#### WORK INSTRUCTION
Taking the line with "a bassa durezza." as the first and the line with "ビンテージ風のパッチワークデ" as the last, set down the lines below exactly, pictures excluded.

#### SUPPLIED RECORDS
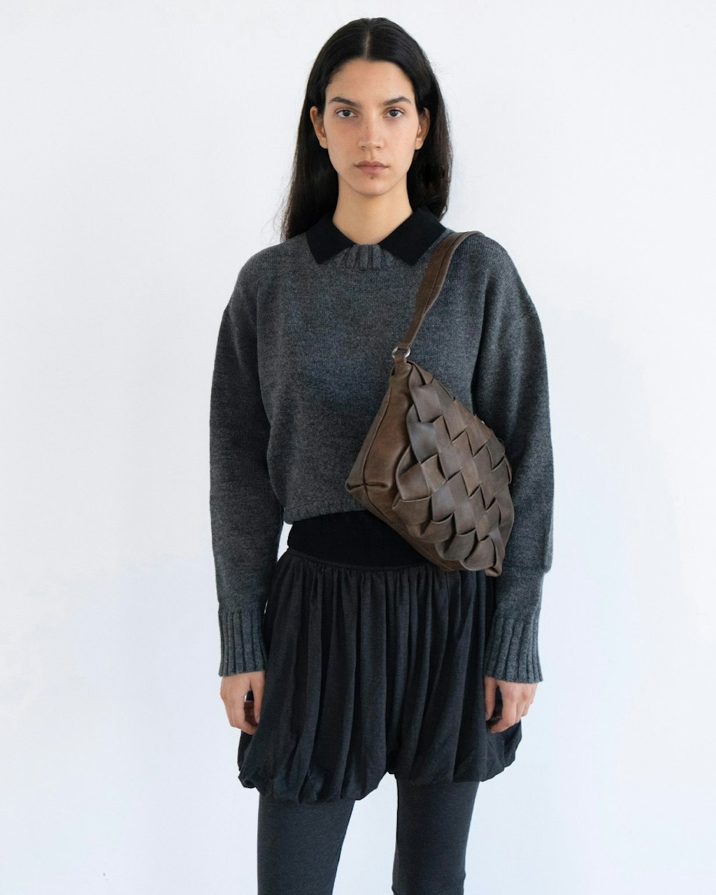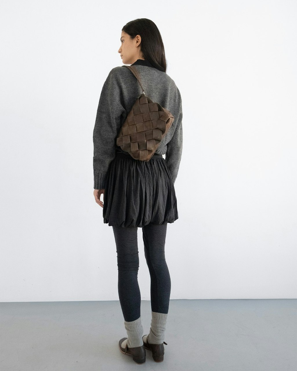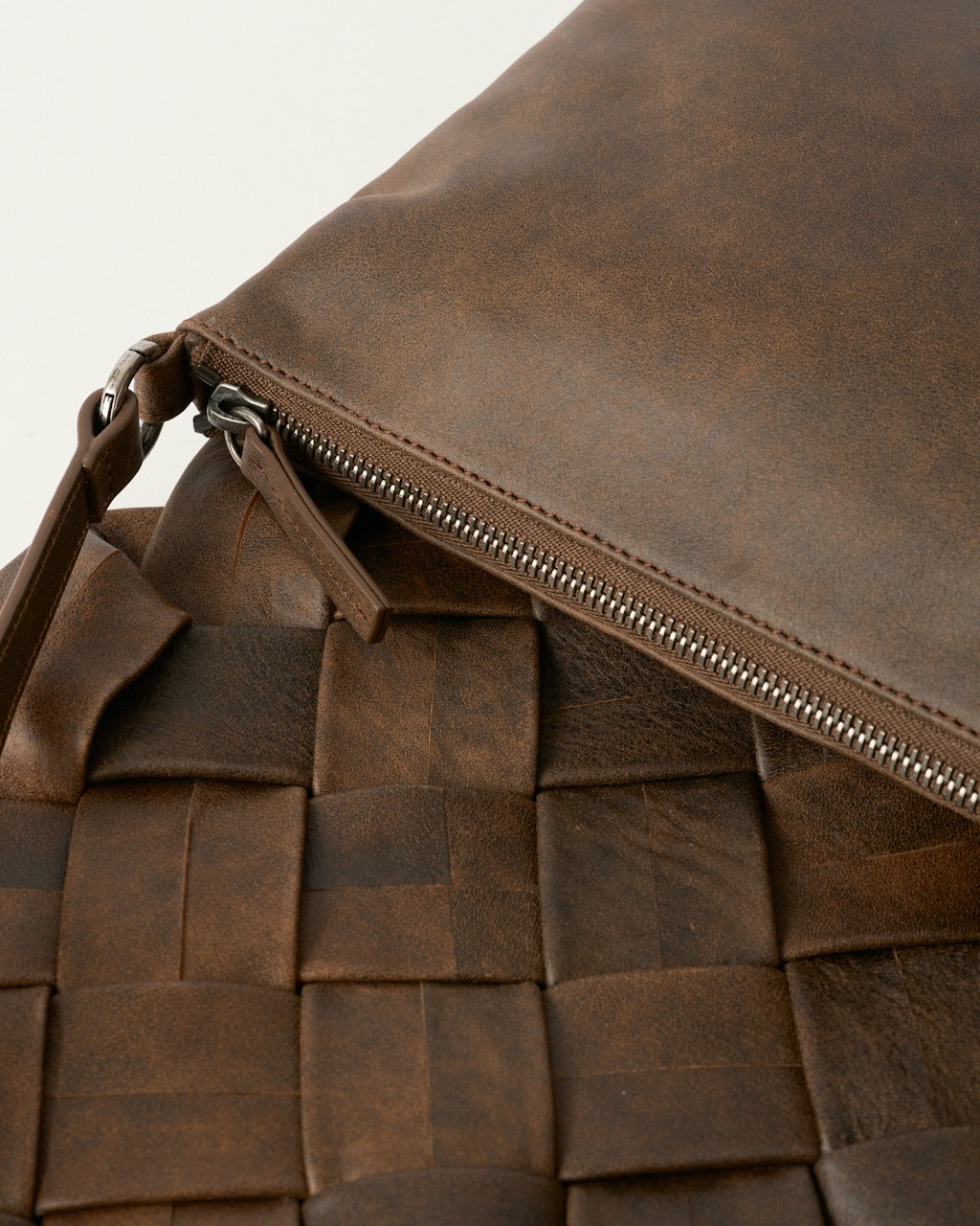 The panel of braided leather straps is impeccably hand-braided by our leather artisans.
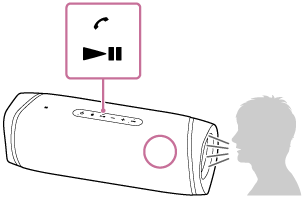 (BLUETOOTH) индикаторы көгілдір түспен жыпылықтап тұрған динамикке жалғаңыз. Хендс-фри қоңырауы барысында төмендегі қадамдар мен әрекеттерде BLUETOOTH мобильді телефонына жалғанып тұрған динамикті қолданыңыз. -
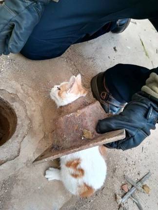Bomberos del Consorcio Provincial de Huelva han rescatado a un gato atrapado en un desagüe de Valverde del Camino.
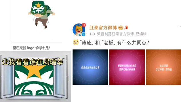 而“发疯”营销,则是指品牌为了吸引眼球,采取一些大胆、甚至是极端的营销策略,这种策略往往能在短时间内引发广泛的讨论和关注。举个栗子的话,像肛泰这样的大胆类比式文案(将老板与痔疮类比)“加班受益者、没事刷存在感、一腔热血、独立办公室、在意你上厕所时长、教你做人”;也有像星巴克调皮修改的品牌LOGO,用一个具有“偷感”的形象突出品牌“看谁在悄悄喝瑞幸”的既视感。
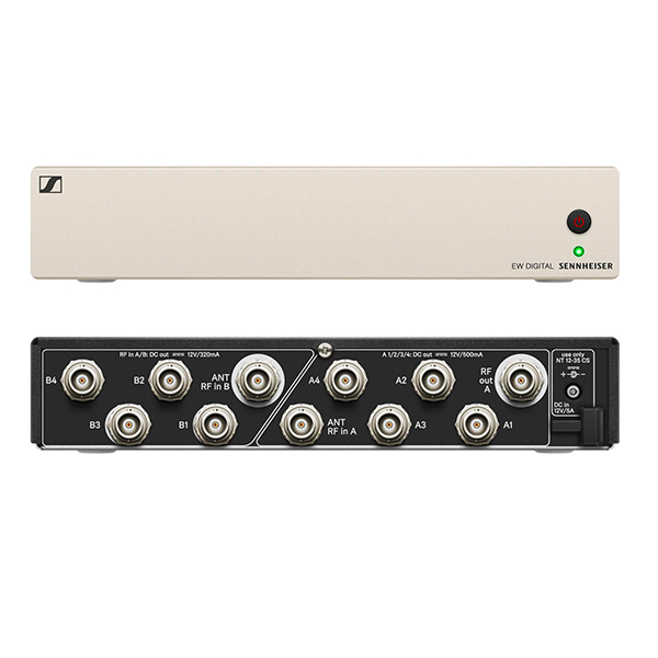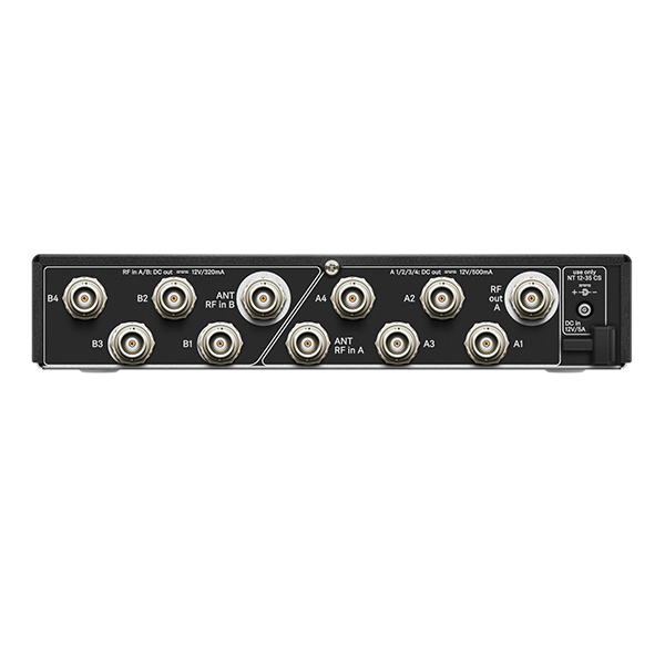 Splitter d'antennes actif (double 1:4) avec distribution électrique CC pour les récepteurs EW-D et G4. Comprend (1) alimentation NT 12-35 CS et (8) câbles BNC, plage UHF (470 - 706MHz)
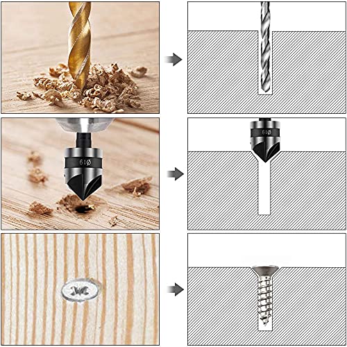 【Ampiamente Usato】 Il set di punte per trapano svasatore viene utilizzato principalmente per aperture in legno, alesatura, smussatura, adatto per legno, metallo morbido, gomma, plastica e altri materiali a bassa durezza.
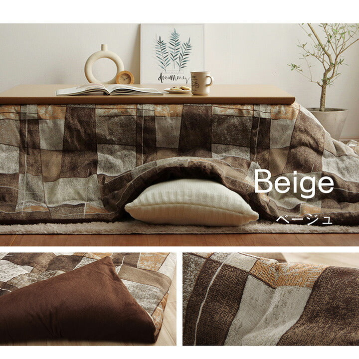 ビンテージ風のパッチワークデザインが特徴のしっかりした生地を使ったこたつ布団。表地はシェニール織りの暖かみある凹凸感ある生地を使用し、裏地にはなめらかな肌触りの短毛マイクロ生地を使用しています。たっぷり入った東レマッシュロン綿がふかふかとした弾力性と保温性を高め、「軽くて暖かい」を実現しました。ふっくらとしたボリューム感は国内で綿入加工をしている商品だからできる仕上がり。1枚1枚丁寧に仕上げた安心の品質です。 |
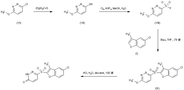Alternatively, 3-chloro-6-methoxypyridazine (VI) is converted into the pyridazine thiol (VII) via reaction with thiourea in butanone. Oxidation of thiol (VII) with chlorine in the presence of potassium bifluoride leads to 4-methoxypyridazine-3-sulfonyl fluoride (VIII) (3). The lithio derivative of 5-chloro-3-methylbenzofuran (I) is then condensed with sulfonyl fluoride (VIII) to produce sulfone (IX). Finally, acidic hydrolysis of the methoxypyridazine group of (IX) gives rise to the corresponding pyridazinone compound (1-3).
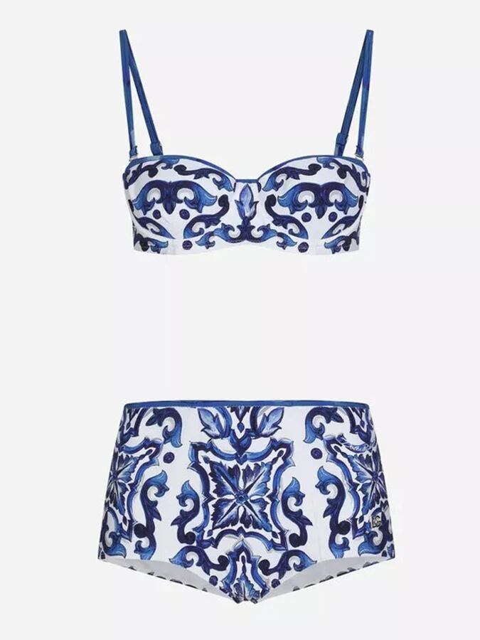 ワンピースプリント水着,青いビキニ,スカート付き,女性用,包帯,ビーチ用,エレガント,夏 セパレート水着 ビキニ レディース T240618195542_04
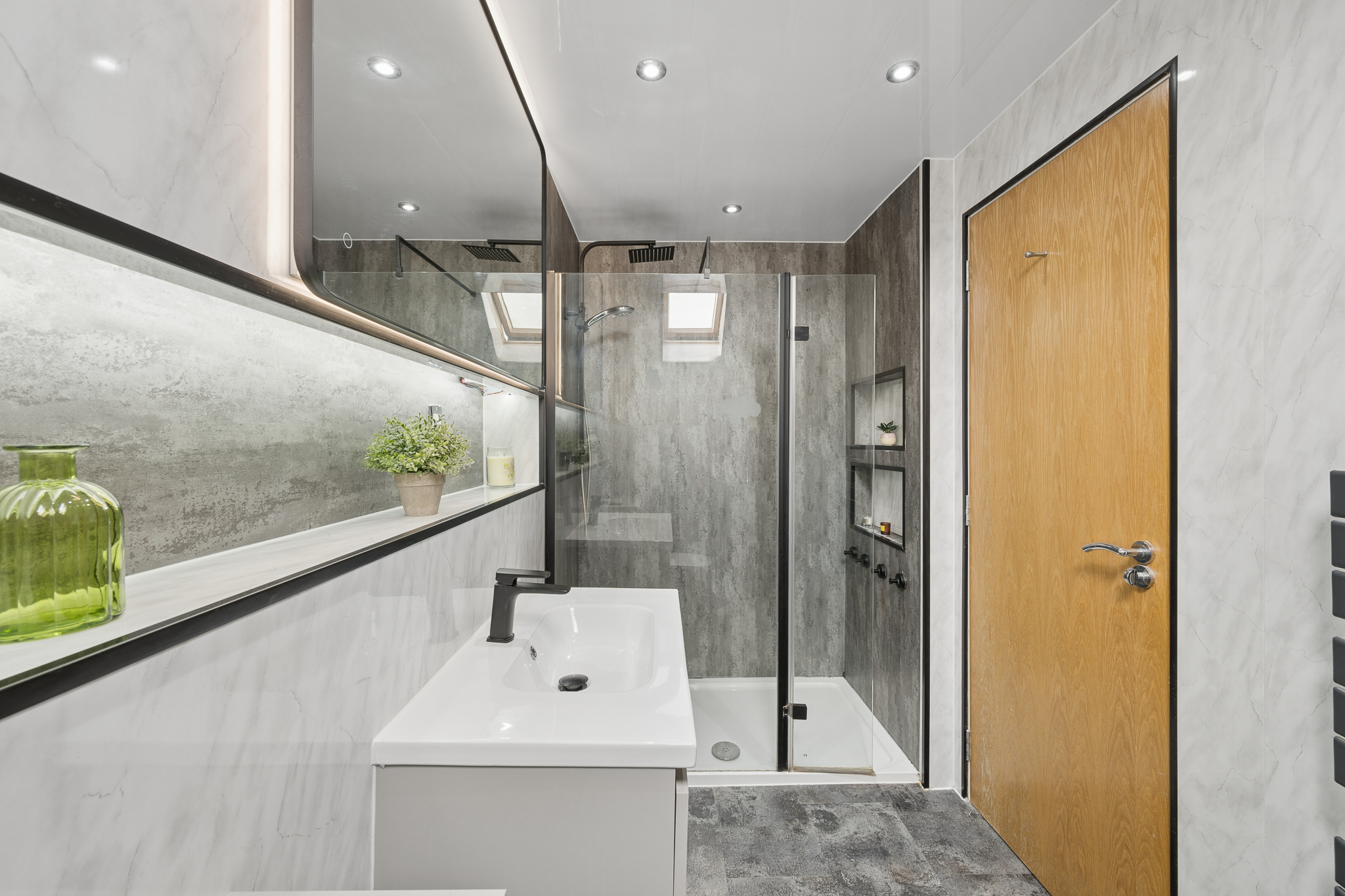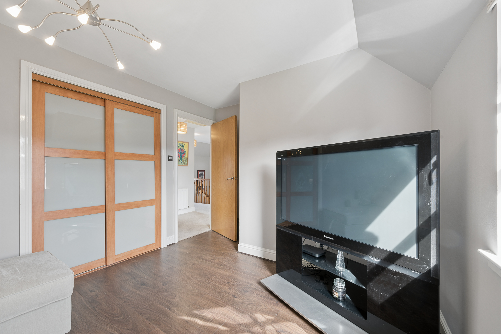 The principal bedroom is particularly impressive, offering generous proportions, fitted wardrobes and a luxurious en-suite shower room finished with sleek, contemporary wet wall panelling and high quality fittings, creating a seamless and elegant finish.

#### RESPONSE
 【Ampiamente Usato】 Il set di punte per trapano svasatore viene utilizzato principalmente per aperture in legno, alesatura, smussatura, adatto per legno, metallo morbido, gomma, plastica e altri materiali a bassa durezza.
 ビンテージ風のパッチワークデザインが特徴のしっかりした生地を使ったこたつ布団。表地はシェニール織りの暖かみある凹凸感ある生地を使用し、裏地にはなめらかな肌触りの短毛マイクロ生地を使用しています。たっぷり入った東レマッシュロン綿がふかふかとした弾力性と保温性を高め、「軽くて暖かい」を実現しました。ふっくらとしたボリューム感は国内で綿入加工をしている商品だからできる仕上がり。1枚1枚丁寧に仕上げた安心の品質です。 |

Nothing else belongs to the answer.